Ponsep Macron Dideteksi, PM Israel Dituntut Jelaskan Soal Spyware
Presiden Prancis Emmanuel Macron sedang uring-uringan, dipicu soal spyware Pegasus yang dikembangkan NSO Group yang berbasis di Israel. Untuk itu, Macron menuntut penjelasan resmi dari Perdana Menteri Israel Naftali Bennett, selama percakapan via telepon telah terdeteksi alias disusupi, hari Sabtu 24 Juli 2021.
Channel 12 Israel mengatakan Macron menyatakan ketidaknyamanan tentang laporan bahwa ponselnya dan pejabat pemerintah Prancis lainnya telah disusupi. Bennett berjanji melakukan penyelidikan di tingkat tertinggi tetapi menggarisbawahi bahwa insiden itu terjadi sebelum dia menjabat, dikutip dari Anadolu Agency, Senin 26 Juli 2021.
Target Para Aktivis dan Jurnalis
Diduga, setidaknya 10 negara -- termasuk Bahrain, Kazakhstan, Meksiko, Maroko, Azerbaijan, Hungaria, India, dan Uni Emirat Arab -- sebagai pelanggan NSO Group, dan spyware digunakan untuk menargetkan para aktivis, jurnalis, pengacara, dan politisi.
Pengubah Perangkat Ponsel
Spyware dilaporkan dapat mengubah ponsel menjadi perangkat pengawasan di mana pesan, kamera, rekaman audio, dan aplikasi dapat diakses.

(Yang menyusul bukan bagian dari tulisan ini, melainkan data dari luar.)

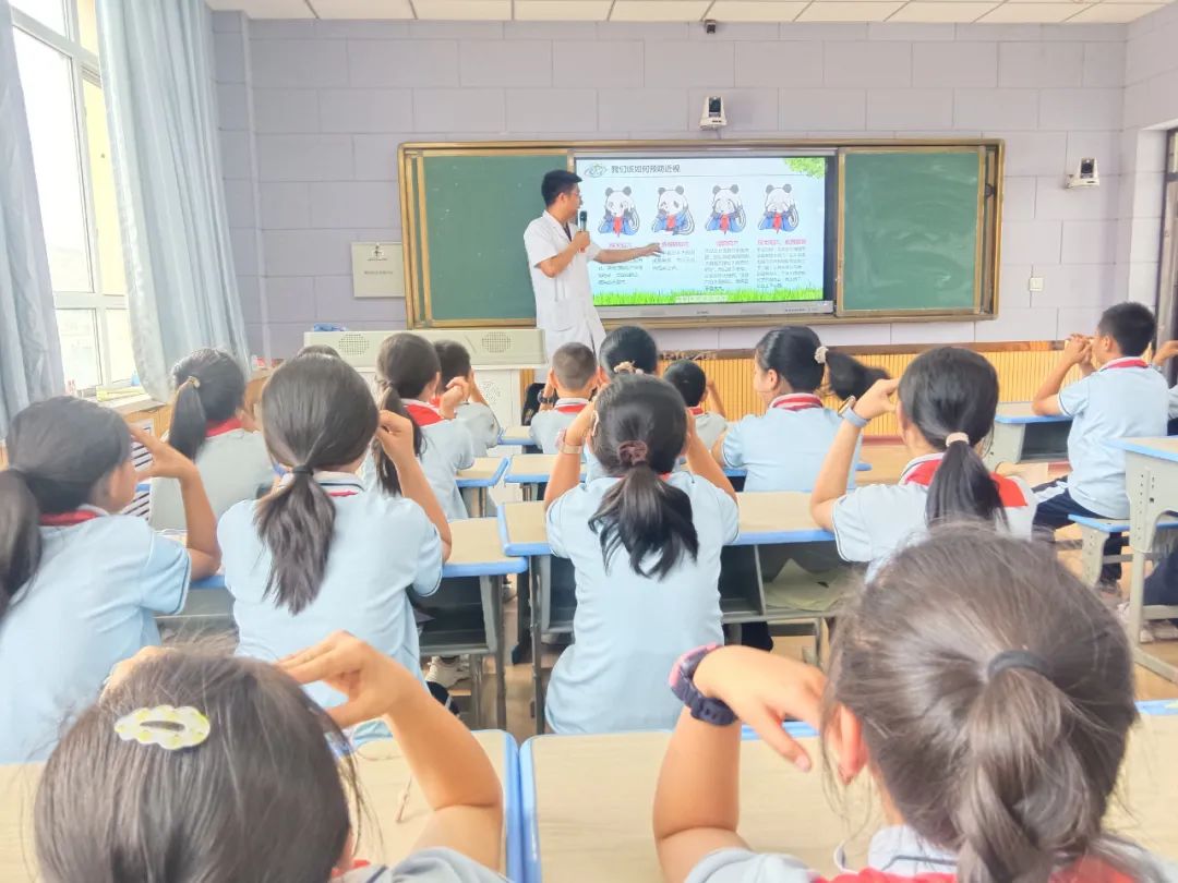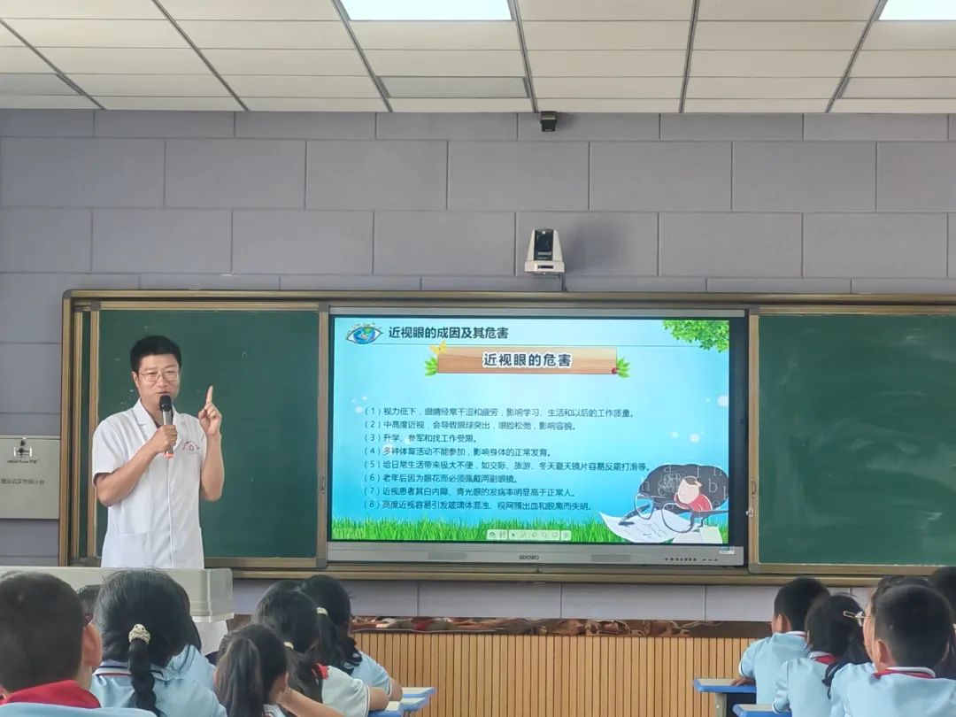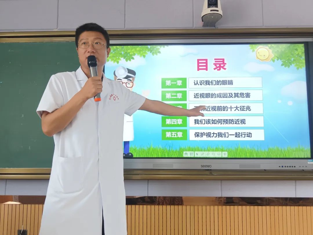 我院眼科专家赵威风作为主讲为同学们详细讲解眼科知识,结合青少年常见的眼部问题,用通俗易懂的语言,从近视的成因、危害到预防措施,进行了深入浅出的讲解。他指出,随着电子产品的普及和学业压力的增加,青少年近视率逐年上升。长时间近距离用眼、缺乏户外活动、不良的读写姿势等都是导致近视的重要因素。专家们详细介绍了科学用眼的方法,如连续用眼时间不宜超过40分钟,每用眼40分钟应休息10 - 15分钟,可通过远眺、做眼保健操等方式放松眼睛;每天保证2小时以上的户外活动,让眼睛充分接触自然光线;保持正确的读写姿势,做到“一拳、一尺、一寸”。
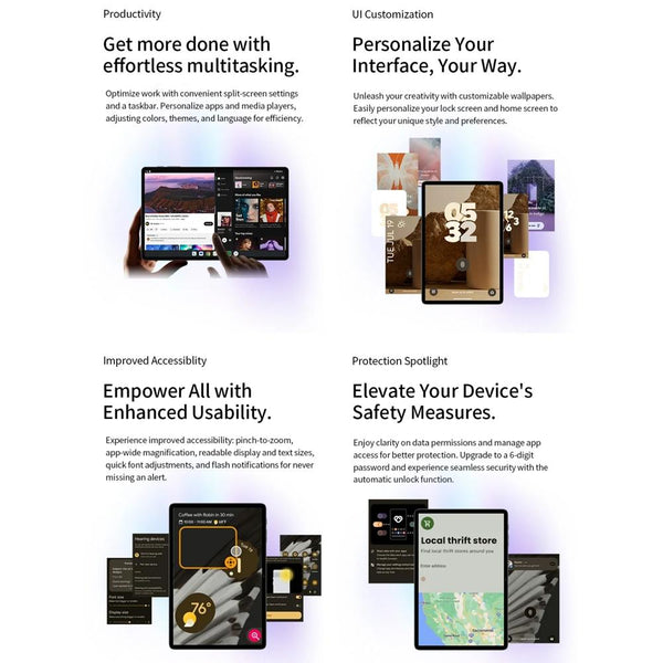 3. Advanced Android 14 Experience: Featuring Android 14, the P85T tablet provides a landscape-enhanced Parallel View, a convenient Taskbar for efficient multitasking, and robust parental control options for safe usage.
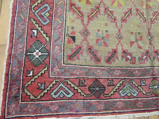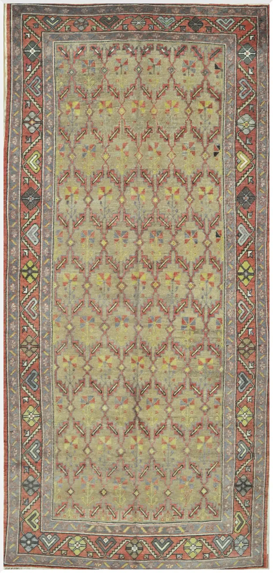 Hand-knotted with fine wool pile on a cotton foundation, this rug demonstrates a tighter weave and lighter handle than heavier tribal pieces. This construction allows for greater detail in the repeating motifs while keeping the rug flexible and durable for everyday use.

Prancis dan UU Anti-Separatisme
Terkait dengan Prancis, Parlemen Negeri Para Model itu telah mengesahkan undang-undang yang bertujuan untuk memperkuat pengawasan pemerintah terhadap masjid dan organisasi keagamaan lainnya, pada Jumat 22 Juli 2021.
Undang-undang ini juga untuk melawan pengaruh gerakan Islam yang mereka sebut dapat merusak nilai nilai sekuler Prancis. Majelis Nasional Prancis mengesahkan UU Anti-Separatisme dirancang untuk memerangi ancaman ditimbulkan oleh ekstremis Islam.
Undang-undang yang disebut 'Undang-Undang Penguatan Penghormatan Prinsip-Prinsip Republik' itu, seperti dilansir The National News, Sabtu 24 Juli 2021, disetujui Majelis Nasional atau majelis rendah parlemen dengan selisih 49 suara berbanding 19 dengan lima abstain.
Undang-undang tersebut meraih dukungan dari anggota parlemen di jajaran Presiden Prancis Emmanuel Macron, dan partai-partai sentris lainnya.
Macron dan Dukungan Parlemen
Macron dan para pendukungnya di legislatif telah membingkai RUU tersebut sebagai tanggapan terhadap penyebaran separatisme Islam dengan digambarkan presiden sebagai proyek politik dan agama untuk menciptakan masyarakat paralel di mana hukum agama lebih diutamakan daripada hukum sipil.
Menurut pemerintahan Macron, ideologi itu merusak nilai-nilai Republik Prancis, yakni kebebasan, kesetaraan, dan persaudaraan, serta prinsip laicite, pemisahan ketat antara agama dan negara.
RUU tersebut melarang praktik seperti kawin paksa yang menurut pemerintah dipicu oleh ideologi separatis.
Menyusul pembunuhan guru Samuel Paty oleh ekstremis di Paris tahun lalu, siapa pun yang dinyatakan bersalah membahayakan pegawai sipil dengan menyebarkan informasi yang dapat mengidentifikasi mereka akan menghadapi denda hingga 45.000 euro (53.000 dolar) dan tiga tahun penjara.
Selanjutnya, kelompok-kelompok agama harus mengumumkan sumbangan dari luar negeri yang bernilai lebih dari 10.000 euro (11.700 dolar).
Selain itu, otoritas lokal telah diberi kekuatan untuk menutup tempat-tempat ibadah yang menyebarkan segala sesuatu yang dianggap kebencian atau diskriminatif. Ujaran kebencian online juga telah dikriminalisasi.
Orang-orang yang mewakili negara Prancis, baik di sektor publik maupun swasta, harus berjuang dengan prinsip sekularisme dan netralitas dalam pelayanan publik.
Salah satu konsekuensinya adalah berakhirnya kolam renang umum dengan jalur khusus pria dan wanita karena alasan agama.